# Task details
In the records below, find the line with "ГлавнаяИсполнителиOceansizeRemember Where You" and repeat exactly every line from it through the line with "14K Yellow gold". Pictures stay out.

# Provided entries
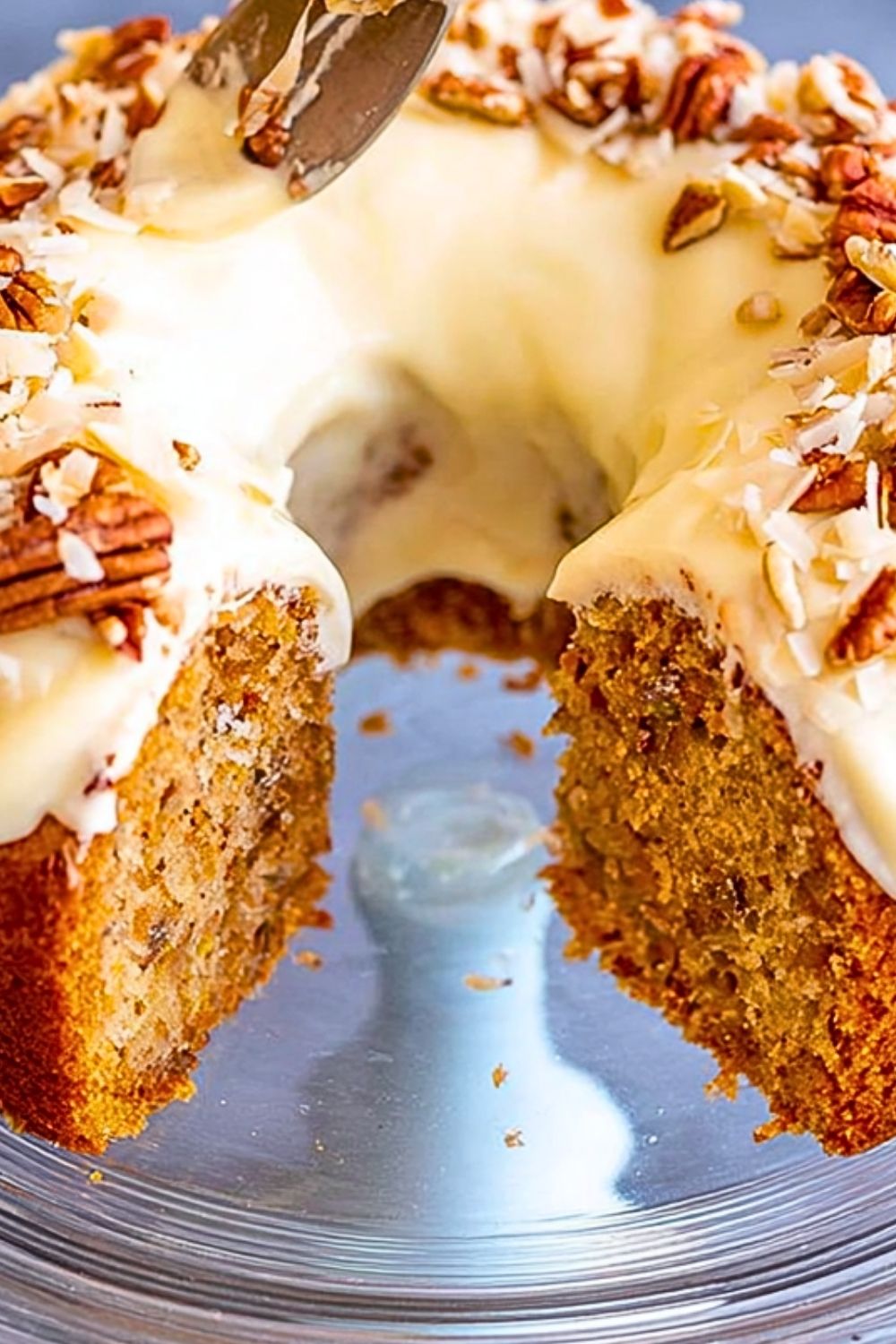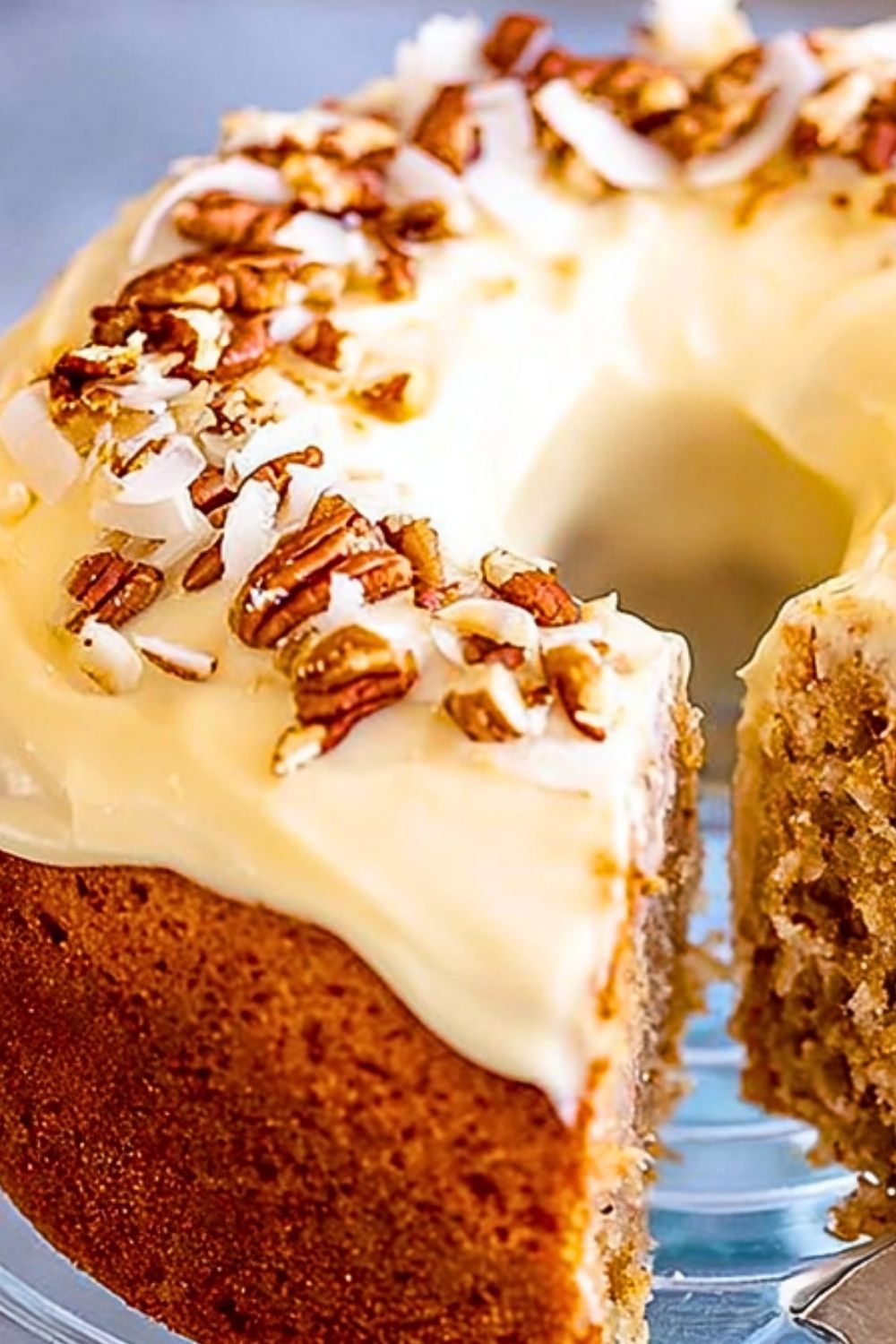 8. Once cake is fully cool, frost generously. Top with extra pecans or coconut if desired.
--
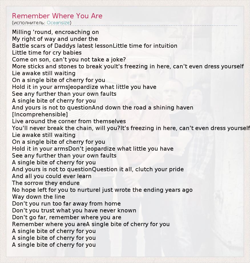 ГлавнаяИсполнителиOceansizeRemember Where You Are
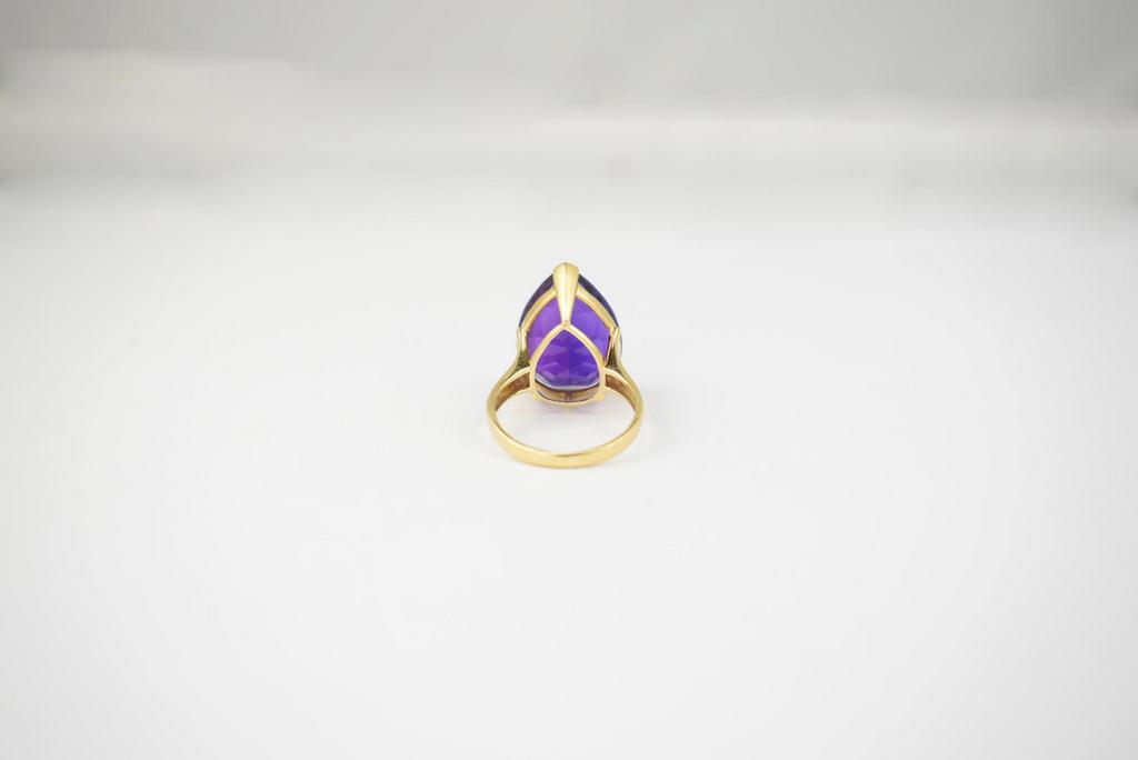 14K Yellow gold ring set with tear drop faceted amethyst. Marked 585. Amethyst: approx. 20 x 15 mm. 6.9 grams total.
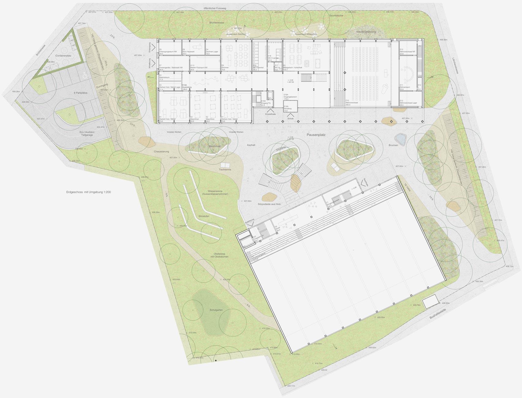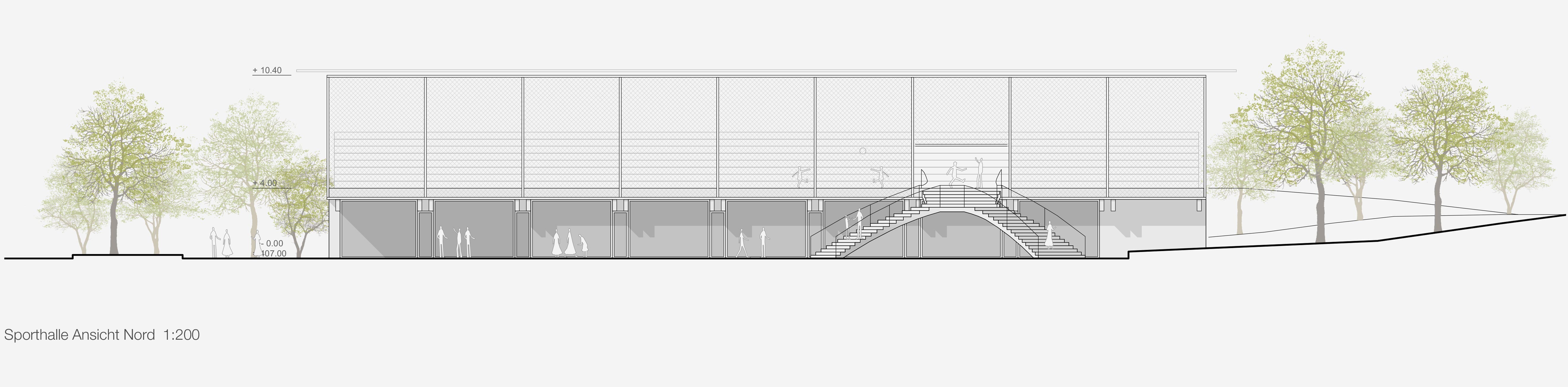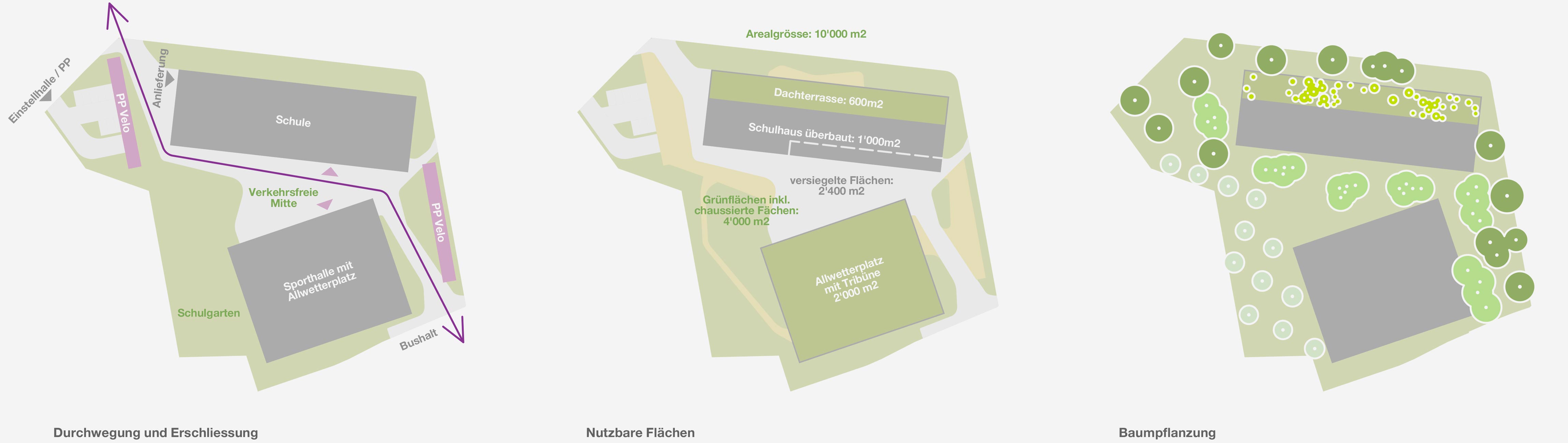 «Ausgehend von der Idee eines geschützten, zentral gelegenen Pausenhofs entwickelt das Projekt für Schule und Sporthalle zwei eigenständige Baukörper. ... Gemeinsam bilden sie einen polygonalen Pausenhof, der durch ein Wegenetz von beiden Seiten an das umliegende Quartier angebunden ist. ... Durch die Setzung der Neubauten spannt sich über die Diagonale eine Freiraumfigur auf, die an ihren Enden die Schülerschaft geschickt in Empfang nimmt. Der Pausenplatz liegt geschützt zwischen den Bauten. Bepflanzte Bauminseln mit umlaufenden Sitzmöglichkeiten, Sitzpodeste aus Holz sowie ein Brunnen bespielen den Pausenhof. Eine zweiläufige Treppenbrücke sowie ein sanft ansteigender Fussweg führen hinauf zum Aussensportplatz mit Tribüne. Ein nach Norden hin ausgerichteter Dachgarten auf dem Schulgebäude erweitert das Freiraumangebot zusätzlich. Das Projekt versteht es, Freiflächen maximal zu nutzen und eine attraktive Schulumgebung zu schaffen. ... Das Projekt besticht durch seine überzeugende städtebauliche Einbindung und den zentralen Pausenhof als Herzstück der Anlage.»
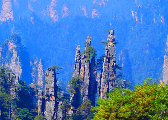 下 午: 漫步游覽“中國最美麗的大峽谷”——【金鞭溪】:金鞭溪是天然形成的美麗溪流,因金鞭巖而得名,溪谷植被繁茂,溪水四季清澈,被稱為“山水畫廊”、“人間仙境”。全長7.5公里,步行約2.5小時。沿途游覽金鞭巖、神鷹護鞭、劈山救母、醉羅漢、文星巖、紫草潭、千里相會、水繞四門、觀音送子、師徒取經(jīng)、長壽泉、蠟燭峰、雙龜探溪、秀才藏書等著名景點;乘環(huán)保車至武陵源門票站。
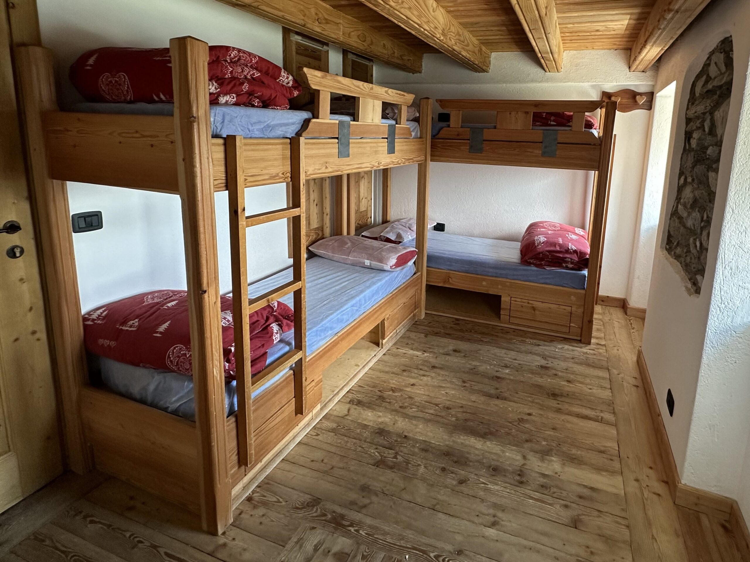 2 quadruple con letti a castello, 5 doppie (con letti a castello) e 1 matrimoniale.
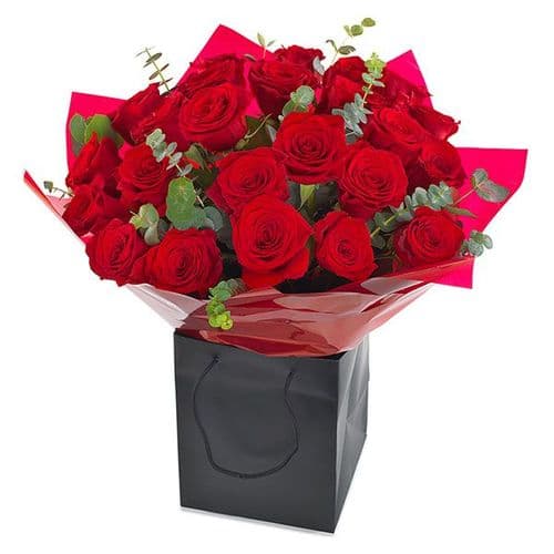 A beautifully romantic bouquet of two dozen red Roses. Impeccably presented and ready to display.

# Reply
 ГлавнаяИсполнителиOceansizeRemember Where You Are
 14K Yellow gold ring set with tear drop faceted amethyst. Marked 585. Amethyst: approx. 20 x 15 mm. 6.9 grams total.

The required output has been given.